Paula asintió con un suspiro:

—Como te dije, ella no era para Fermín, y Florencia jamás habría permitido que entrara a la familia. Así que tu madre y yo la buscamos en privado e hicimos un trato con ella.

—Le conseguimos contactos en universidades en el extranjero y le dimos dinero más que suficiente para que fuera a estudiar. A cambio, ella terminó con Fermín y renunció a la idea de formar parte de los Gómez.

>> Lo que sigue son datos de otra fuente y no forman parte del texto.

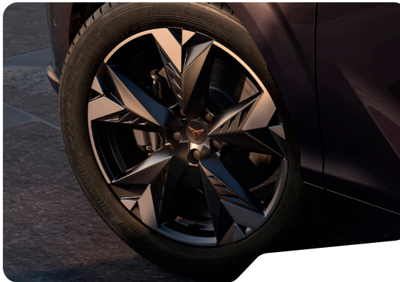
SPECTRUM 19" MACHINED SPORT BLACK MATT / SILVER T VZ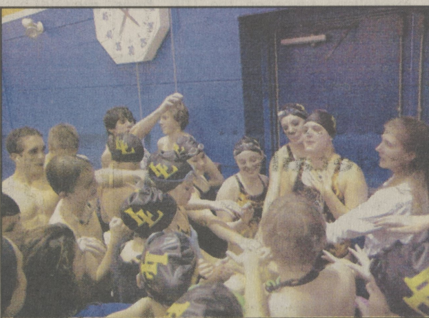
The entire Lake-Lehman swim team gets together for a cheer before the meet.

To see more photos, go to www.mydallaspost.com

—¿Y ella aceptó sin más? —preguntó Macarena, incrédula.

Paula asintió lentamente.

—Pude ver que era una muchacha muy orgullosa. Aunque no se lo dijéramos, ella sabía perfectamente el abismo que la separaba de Fermín.

Antes, su esperanza era apagar los incendios antes de que crecieran. Sabía perfectamente que Macarena la pasaba mal en la familia, pero mientras su nieta política quisiera seguir allí, Paula no podía permitirse hacer un escándalo.

Lo único que podía hacer era mediar cuando la maltrataban y usar su peso como matriarca para escudarla un poco de los golpes.

Cuando finalmente se divorció de Fermín, Paula deseó de todo corazón que Macarena cortara lazos con los Gómez sin mirar atrás, para que pudiera volar libre y llegar muy lejos.

Pero tal vez haber estado al borde de la muerte le cambió la perspectiva, o quizá los incidentes de ese día la hicieron despertar.

Se dio cuenta de que no podían seguir callando.

Había verdades que debían gritarse a los cuatro vientos.

De lo contrario, los inocentes seguirían pagando los platos rotos injustamente.

—Fermín, ¿qué haces parado aquí afuera?

La repentina voz de Sabrina rompió el silencio desde el pasillo.